L'hiver dernier, à Kremes, hameau d'une colline de Sarajevo, une femme traverse la cour de son oncle qui discute moutons avec un homme. Elle s'immobilise et s'écrie:

­ Asim. C'est toi?
Le visiteur la reconnaît:
­ Bien oui. Je suis revenu.
­ Tu n'as donc pasété tué?
­ Tué? J'étais seulement parti à Kobila Glava. Pourquoi, tué?
­ Parce que mon beau-frère a été condamné à mort pour ton assassinat.
­ Sretko? Quand?
­ Il y a deux ans, à Sarajevo.
Puis elle lui raconte l'histoire, qui débute par une beuverie, le 11 novembre 1992, après les sept premiers mois de guerre. A Vogosca, trois kilomètres de Sarajevo, deux miliciens serbes, Sretko et Borislav, ivres, décident de terminer à pied leur java à Ilidza, une autre banlieue serbe. Dans la nuit, ils rencontrent un barrage de miliciens à qui ils proposent la bouteille de Slivovica. Pas de chance: ce sont des Bosniaques. Les deux fêtards sont emmenés dans un poste de police de Sarajevo, puis en prison.

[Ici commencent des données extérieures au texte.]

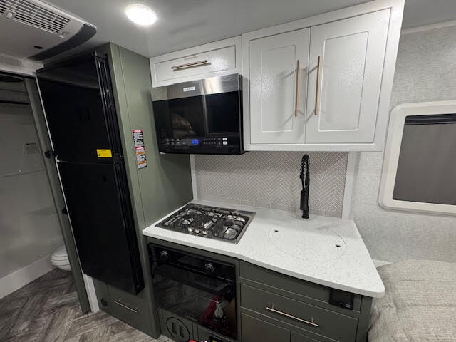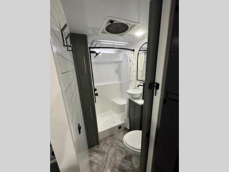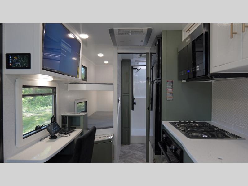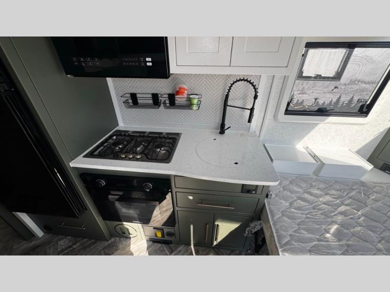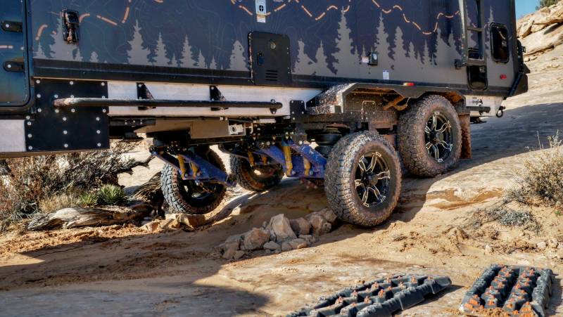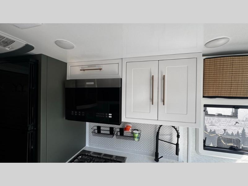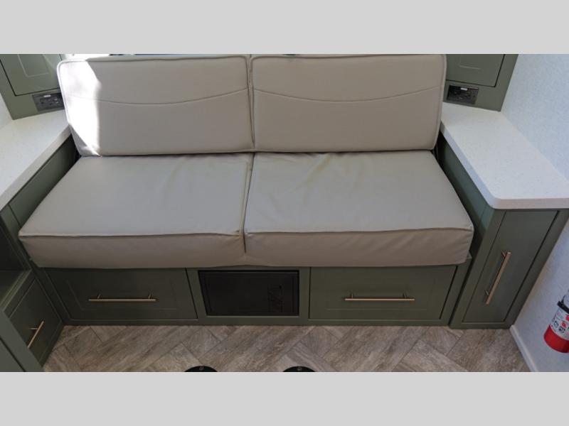 The Pause XC21.4 boasts impressive exterior features that enhance both durability and convenience. The all-composite walls, floor, and walls provide exceptional strength and longevity. A drop-down bar adds versatility to your outdoor space, while the extended slide kitchen offers a convenient area for cooking and food preparation. The Morryde huck rivet frame ensures robust construction, and the puncture-resistant underbelly provides added protection for your journeys. With a dual independent air suspension by Morryde, featuring 12 inches of travel and 25 inches of ground clearance, this trailer is equipped to handle even the most challenging terrains. Harness the power of the sun with up to 1200 watts of solar capability and an impressive 1080 amp hours of lithium Battle Born battery capacity that works hand in hand with a state-of-the-art Victron electronic management system.

Procès public. Quatre mois plus tard, les témoignages sont en train d'affluer sur les exactions des troupes serbes. La présidence bosniaque décide d'organiser un grand procès public pour intensifier l'émotion du monde contre la purification ethnique. Au sortir d'un hiver dur, dans une ville bombardée, Srekto Damjanovic et Borislav Herak comparaissent donc devant une cour militaire pour crime de génocide. Premier procès de criminels de cette guerre, long de dix jours, il est retransmis à la télévision. Les journalistes étrangers sont conviés aux audiences.

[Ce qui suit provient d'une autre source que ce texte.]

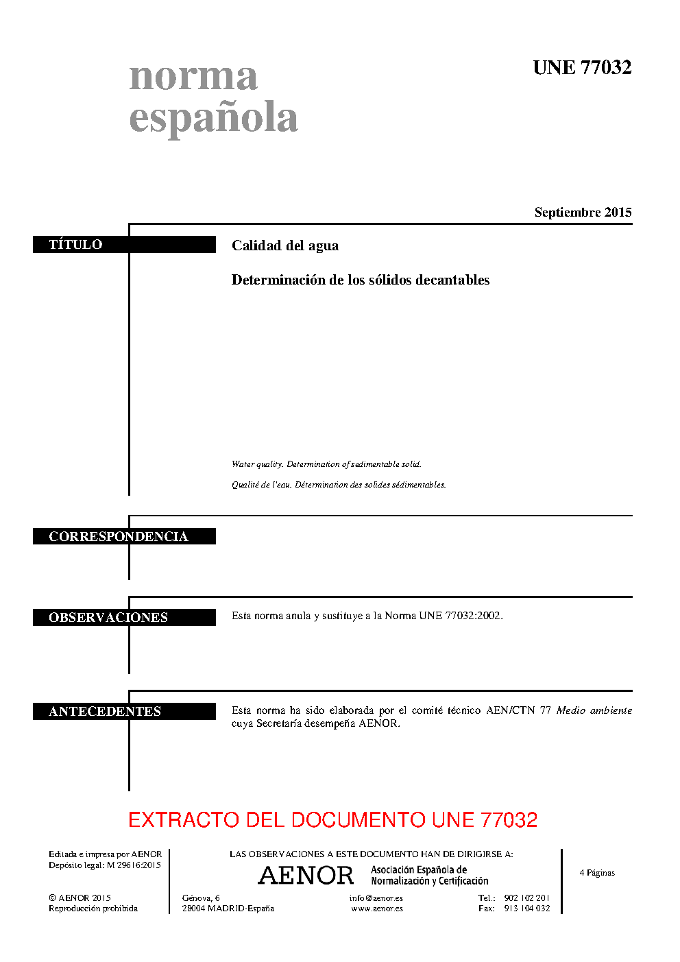 | Publisher | Asociacion Espanola de Normalizacion y Certificacion (AENOR) |

A la veille de celles-ci, Me Branko Maric rencontre Sretko Damjanovic pour la première fois chez le juge d'instruction, où il est en train d'avouer six meurtres. Aujourd'hui, cet avocat de la vieille ville, commis d'office, se souvient: «Je ne connaissais ni lui ni le dossier. Mais ma première impression fut que sa confession était apprise par cœur.» Ce paysan-ouvrier travaillait aux usines Tas de Vogosca, banlieue de Serbes et de Musulmans. En avril 1992, la guerre sépara cette banlieue de la ville de Sarajevo, les Musulmans s'enfuirent vers la ville ou les collines. Damjanovic s'engagea dans les milices serbes de Radovan Karadzic.

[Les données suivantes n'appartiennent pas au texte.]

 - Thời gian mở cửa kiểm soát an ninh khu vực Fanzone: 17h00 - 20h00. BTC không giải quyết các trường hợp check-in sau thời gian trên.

Menaces et tortures. Lors de leur première entrevue, en prison, le Serbe raconte à son avocat les tortures quotidiennes, pendant sept jours, au poste de police, au moment de son inculpation. Deux mois après les faits, des médecins, pourtant «peu motivés», expertisent devant le tribunal des traces de coups de couteau et une côte cassée, entre autres. A la barre, Sretko Damjanovic clame son innocence. Son avocat fait valoir les menaces et tortures endurées par son client. Aujourd'hui, il dit: «Dans l'atmosphère de l'époque, plaider les tortures face aux policiers présents dans la salle n'était pas sans risque.» Lui, personnellement, ne subira jamais aucun préjudice.

Dans le box, Damjanovic n'est pas seul. Compagnon de bringue puis de prison, Borislav Herak non seulement répète ses aveux, mais ne cesse d'en rajouter. Aux journalistes qui le questionnent en cellule, il multiplie des récits sanglants. «Il m'est difficile de le juger, explique aujourd'hui MeMaric, mais il m'a semblé, comme à d'autres, qu'il était d'une grande faiblesse mentale et pour le moins influençable.» En public, Herak raconte les tueries, les bordels-prisons, les pillages, il s'accuse de 29 crimes, dont 6 aggravés de viols, plus que devant le juge. Le procès fait sensation. Herak accuse son copain Sretko Damjanovic de complicité dans le meurtre de 6 personnes: trois anonymes («on ne les connaissait pas»), et trois qu'il nomme, Krso Ramiz et les deux frères Blekic, meurtres qu'il décrit avec moult détails sordides. Les deux miliciens serbes sont condamnés à mort, le 12 mars 1993. L'appel est rejeté. L'avocat, qui découvre que l'une des victimes présumées de son client, Krso Ramiz, sert déjà de victime dans le dossier d'instruction de trois autres miliciens serbes (Miro Vukovic, Bozo Jeftic et Nenad Damjanovic), condamnés eux aussi pour crimes de guerre, introduit sans succès un pourvoi en cassation. Aucune sentence de mort n'est à ce jour exécutée.


Trois ans passent, les banlieues serbes sont réunifiées à l'agglomération. Les réfugiés musulmans reviennent chez eux et, parmi eux, la famille Blekic. Avant guerre, Asim Blekic vivait avec sa mère à Ugorsko en périphérie de Vogosca. Il s'est enfui début avril 1992 dans un centre de réfugiés de Sarajevo. Son frère Kasim élevait une quinzaine de génisses et des brebis. Il est resté jusqu'au 25 mai pour vendre au mieux son bétail à des paysans serbes voisins, avant de revêtir l'uniforme bosniaque à Kobila Glava, dans la montagne. Il connaît Sretko Damjanovic depuis l'enfance, grâce à l'école, au football, et à son oncle éleveur.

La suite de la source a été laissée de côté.